Introduction
Infrastructure as Code is a modern approach for automating the provisioning and deployment of IT resources. The idea is to use simple configuration files to define what IT resources we want to set up, and have those resources created automatically based on that configuration. We can then commit that configuration file into a version control repo, test it, manage versions, and start treating the infrastructure like an ordinary source code.
ARM Templates
On Microsoft Azure, there is one primary building block that enables Infrastructure as Code – Azure Resource Manager (ARM). ARM lets you author templates in JSON format, specifying Azure services you want to run, and makes it possible to easily deploy those services according to the template.
ARM automatically orchestrates the deployment in the correct order respecting dependencies. The engine ensures idempotency. If a desired resource already exists with the same configuration, provisioning will be ignored.

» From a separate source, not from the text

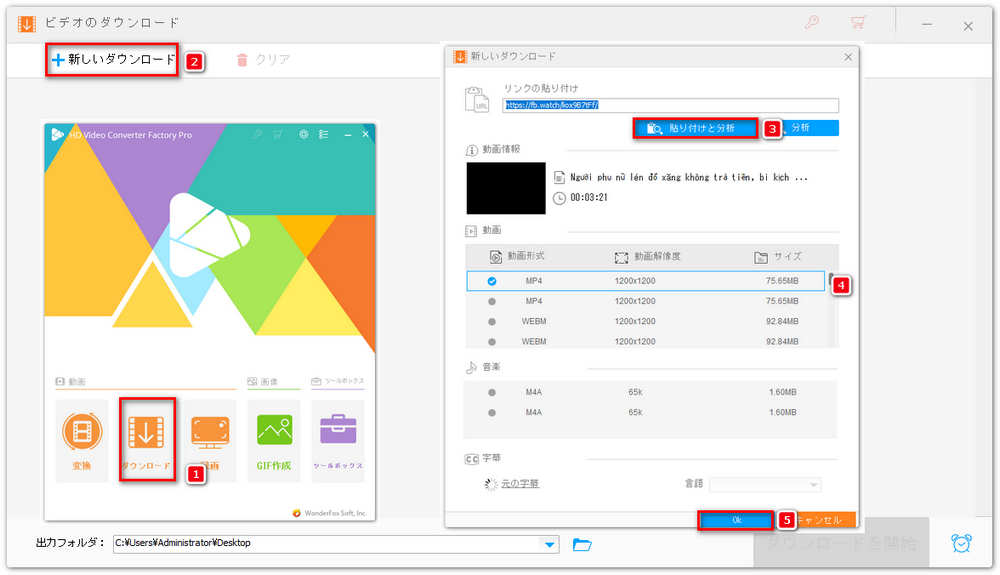 ステップ2、WonderFox HD Video Converter Factory Proを立ち上げます。メイン画面で「ダウンロード」機能を選択して、「新しいダウンロード」をクリックします。そして、コピーしたFacebook動画のリンクをURL入力欄に貼り付けて分析します。分析が完了したら、必要に応じて分析結果から動画の形式、解像度、サイズを選択します。その後、「OK」をクリックします。

The basic schema looks something like below:
{
"$schema": "https://schema.management.azure.com/schemas/2015-01-01/deploymentTemplate.json#",
"contentVersion": "",
"apiProfile": "",
"parameters": { },
"variables": { },
"functions": [ ],
"resources": [ ],
"outputs": { }
}
Provision Azure Infrastructure using Azure DevOps Pipeline
Azure DevOps provides the CI/CD pipeline, starting with a Git repository for managing the application source code and infrastructure code (ARM templates), a build system for producing packages and other build artifacts, and a Release Management system for setting up a pipeline to deploy the changes through dev, test, and production environments. The pipeline uses ARM templates to provision or update the infrastructure as necessary in each environment, and then deploys the updated build.
Process flow:
- Create a new feature branch from the main branch and checkout the branch locally to create ARM template files using an IDE (VS Code, Visual Studio, etc.)
- Validate the arm template files locally using arm template test toolkit and Chekov to detect any security vulnerabilities.
- Commit the arm template files to Azure Repos using git commands. Create a pull request to review and merge the source code to the main branch.
- Azure DevOps Pipeline Continuous integration (CI) triggers the build and validates the source code before publishing the artifact.
- Azure DevOps Pipeline Continuous deployment (CD) trigger orchestrates deployment of the artifacts with environment-specific parameters.
- Azure DevOps Pipeline Continuous deployment (CD) runs ARM employment task to deploy the ARM template to dev resource group.
- Once deployment to dev stage is successfully completed, run the release job to Test, Uat, PreProd and Production stages.